Now he has completed an unlikely trifecta by surviving a shark attack, after being knocked off his surfboard in Hawaii.

Only 30 metres from shore, McWilliams, 20, from Colorado, felt an intense pain in his right calf.

‘‘At first I panicked,’’ he told the Honolulu Star-Advertiser. ‘‘I didn’t know if I had lost half my leg or what.’’

When he looked down, he saw a 1.8-metre to 2m striped shark, which was probably a tiger shark, swimming beneath him. He also saw a lot of blood in the clear water.

McWilliams gave the shark a kick before swimming to shore in desperatio­n.

‘‘That was the scariest part,’’ he said. ‘‘I didn’t know where the shark was, and I didn’t know if he would come after me again.’’

Once he had made it to shore, bystanders helped him before he was taken to hospital with deep cuts to his leg, which required stitches.

The shark attack came less than nine months after McWilliams awoke during a camping trip in Colorado to a ‘‘crunching sound and a lot of pain’’ as a bear bit down on his head.

The bear had entered his tent, and tried to drag him out as he was sleeping.

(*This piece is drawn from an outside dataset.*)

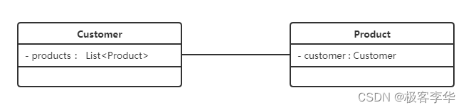 用一个带箭头的实线表示。上图表示每个顾客都有一个地址,这通过让Customer

He needed nine staples to the back of his neck after the attack.

McWilliams was a 19-year-old staff member at a children’s mountain camp when the attack happened.

‘‘I never thought I would be attacked by a bear,’’ he said at the time. ‘‘The bear had a hold of my head and was dragging me across the ground.’’

Bears have killed 25 people in North America over the past two decades.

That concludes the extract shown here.